STORED DATA:
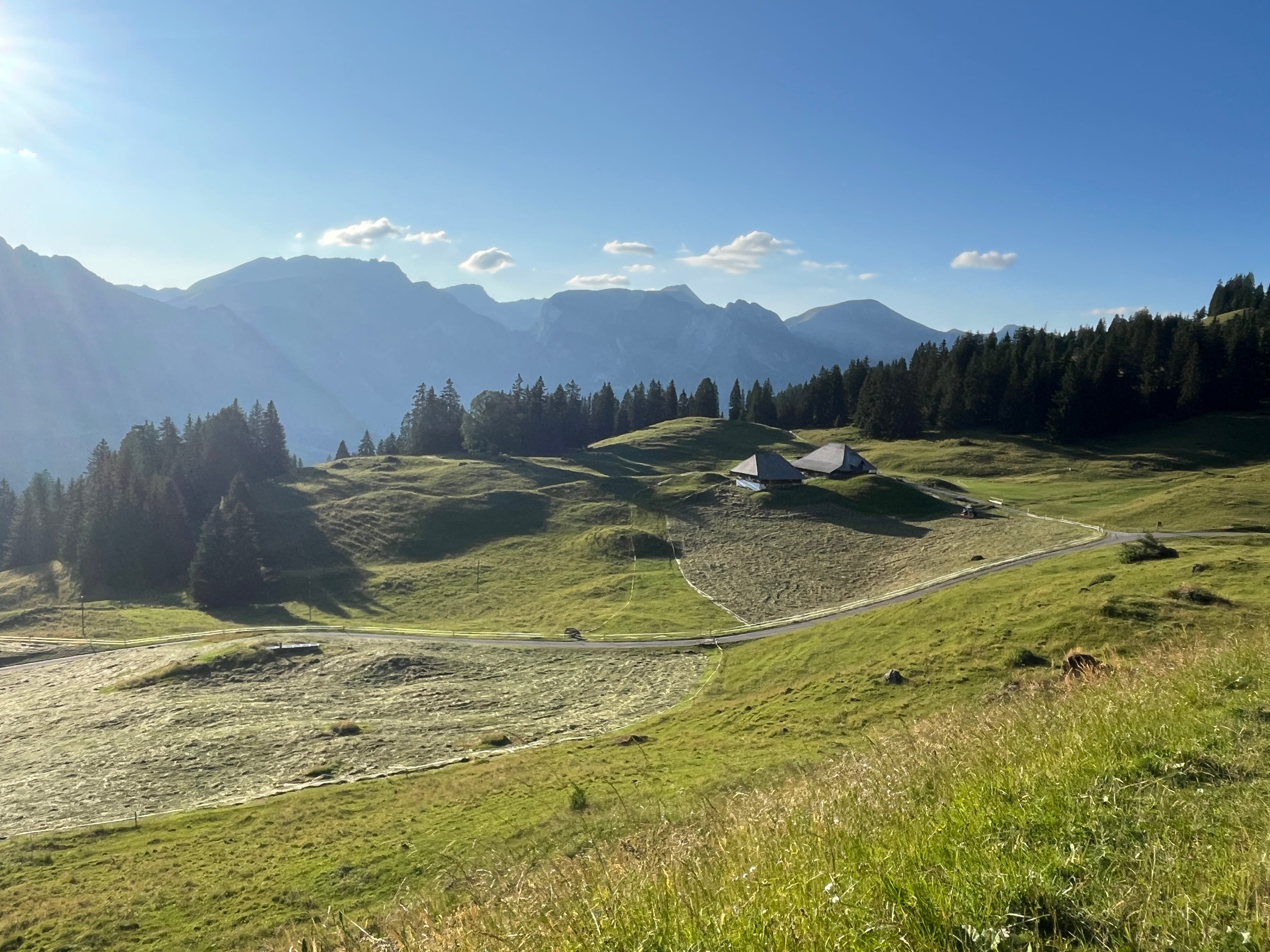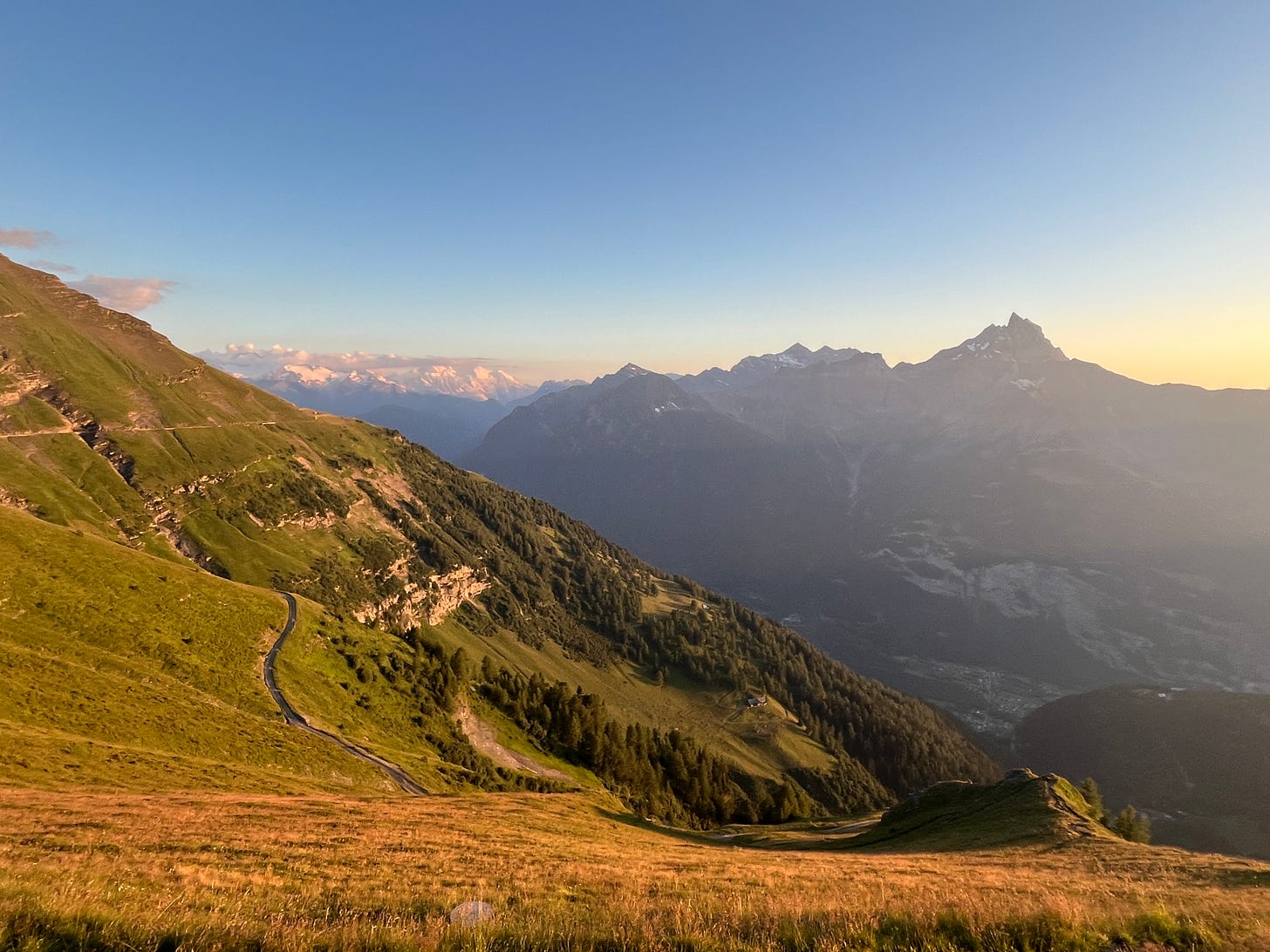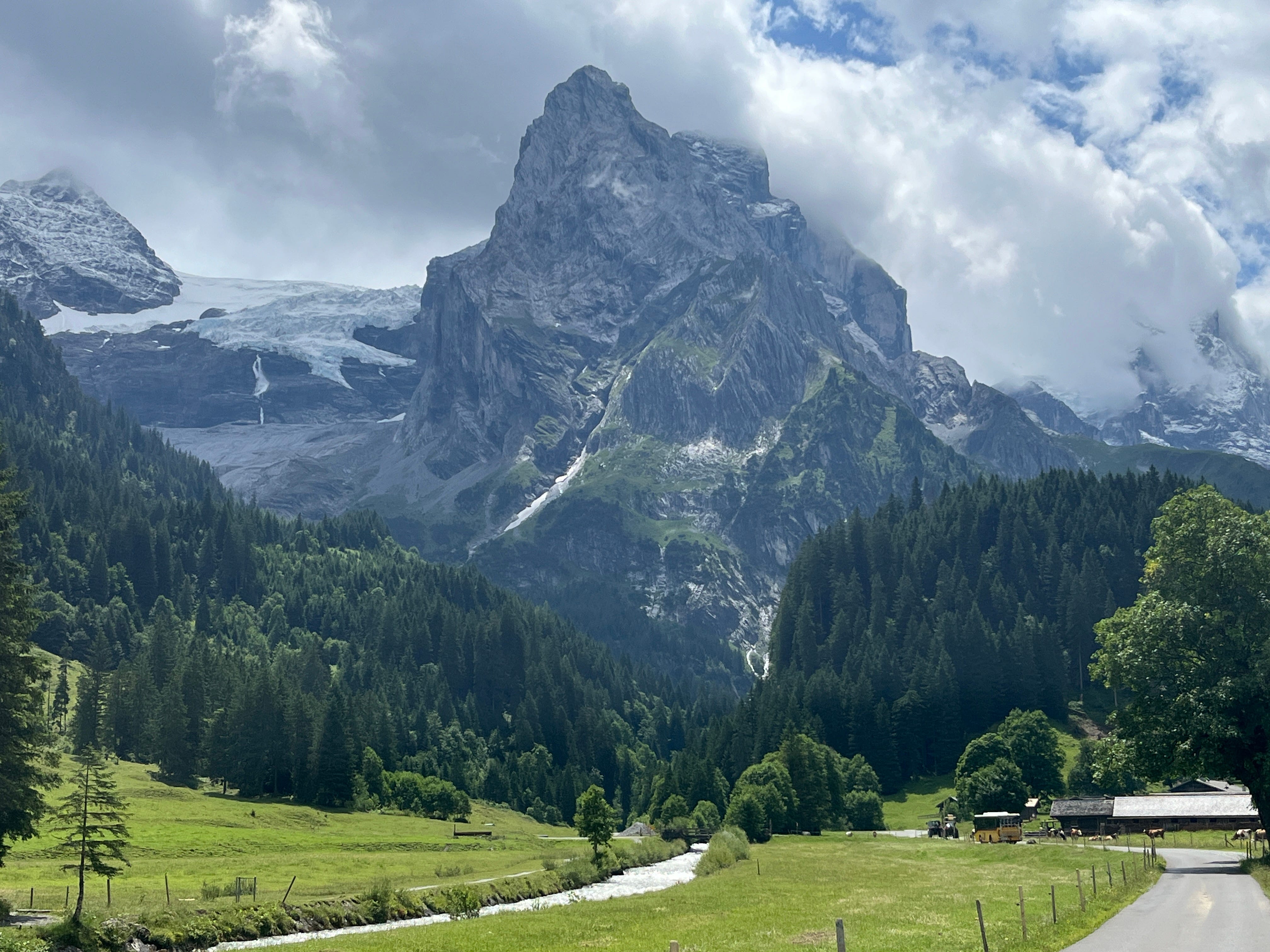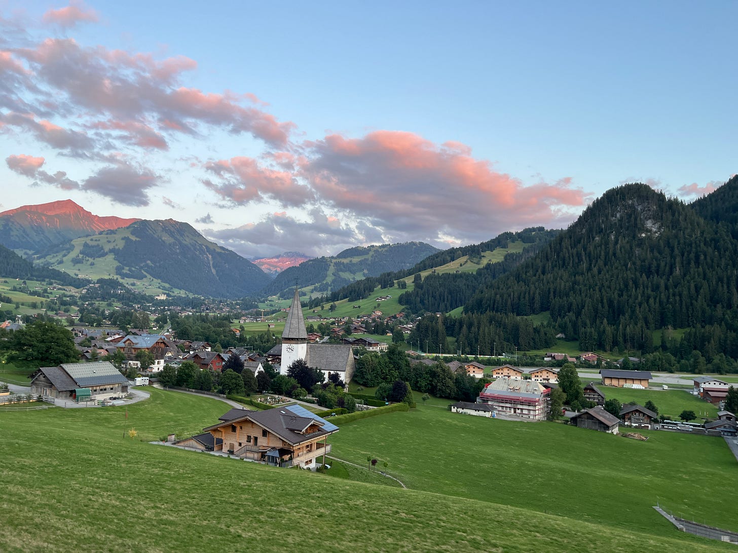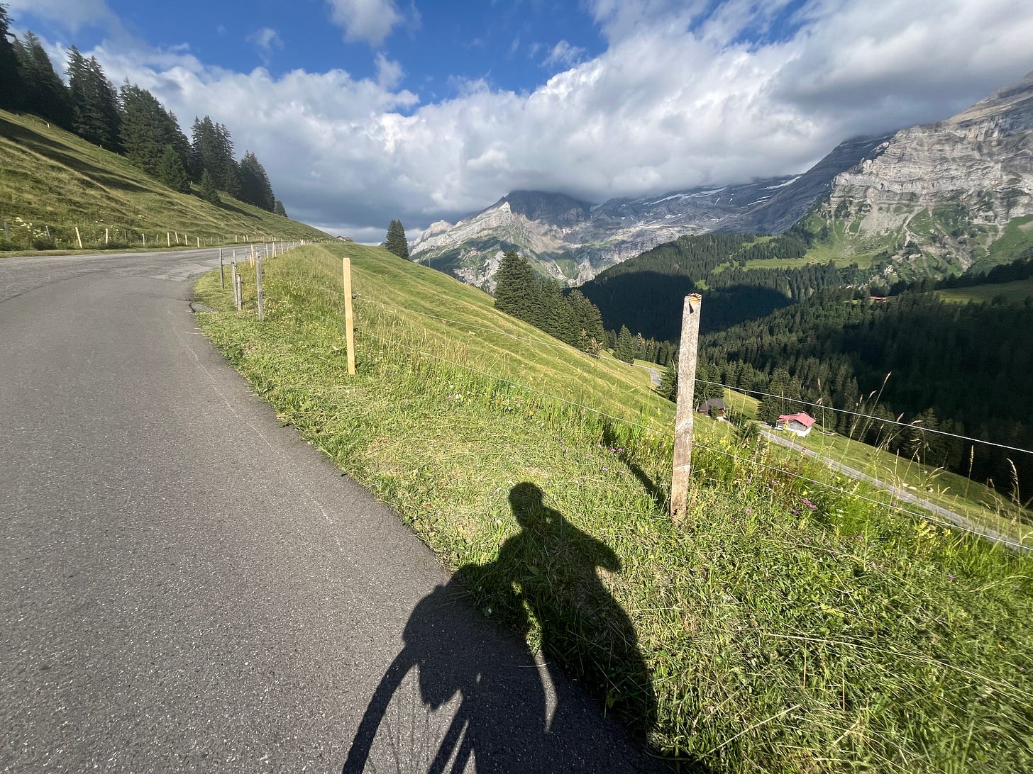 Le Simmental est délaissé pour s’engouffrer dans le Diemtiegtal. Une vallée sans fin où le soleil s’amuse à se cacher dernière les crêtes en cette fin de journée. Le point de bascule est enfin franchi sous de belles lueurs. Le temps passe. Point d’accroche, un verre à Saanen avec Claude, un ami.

==

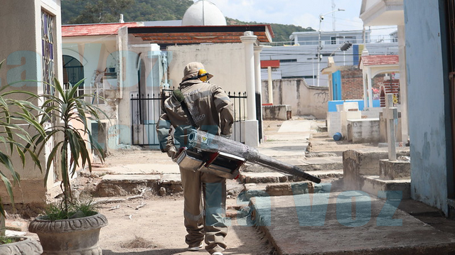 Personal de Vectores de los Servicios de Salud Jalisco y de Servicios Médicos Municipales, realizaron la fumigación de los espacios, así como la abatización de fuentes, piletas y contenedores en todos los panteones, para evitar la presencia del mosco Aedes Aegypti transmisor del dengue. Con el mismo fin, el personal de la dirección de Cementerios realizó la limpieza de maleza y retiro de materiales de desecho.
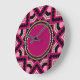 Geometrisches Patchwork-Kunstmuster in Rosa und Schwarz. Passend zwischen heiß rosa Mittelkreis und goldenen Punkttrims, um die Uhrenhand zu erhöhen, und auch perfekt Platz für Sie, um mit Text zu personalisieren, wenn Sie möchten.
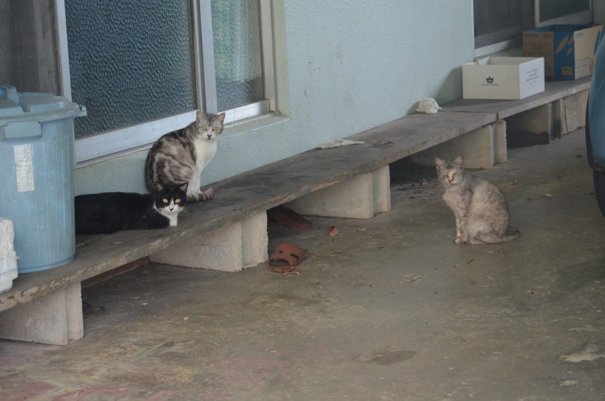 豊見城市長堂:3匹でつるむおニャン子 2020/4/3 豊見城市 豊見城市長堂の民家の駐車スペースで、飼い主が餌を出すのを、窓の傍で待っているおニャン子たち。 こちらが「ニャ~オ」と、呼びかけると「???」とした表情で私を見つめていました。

WHAT NEEDS TO BE DONE: Above are some records; quote exactly and only the lines that begin at the line containing "Geometrisches Patchwork-Kunstmuster in" and stop after the line containing "豊見城市長堂:3匹でつるむおニャン子 2020/4/3 豊見城市", leaving out the pictures.

OUTPUT FOR THIS EXERCISE:
 Geometrisches Patchwork-Kunstmuster in Rosa und Schwarz. Passend zwischen heiß rosa Mittelkreis und goldenen Punkttrims, um die Uhrenhand zu erhöhen, und auch perfekt Platz für Sie, um mit Text zu personalisieren, wenn Sie möchten.
 豊見城市長堂:3匹でつるむおニャン子 2020/4/3 豊見城市 豊見城市長堂の民家の駐車スペースで、飼い主が餌を出すのを、窓の傍で待っているおニャン子たち。 こちらが「ニャ~オ」と、呼びかけると「???」とした表情で私を見つめていました。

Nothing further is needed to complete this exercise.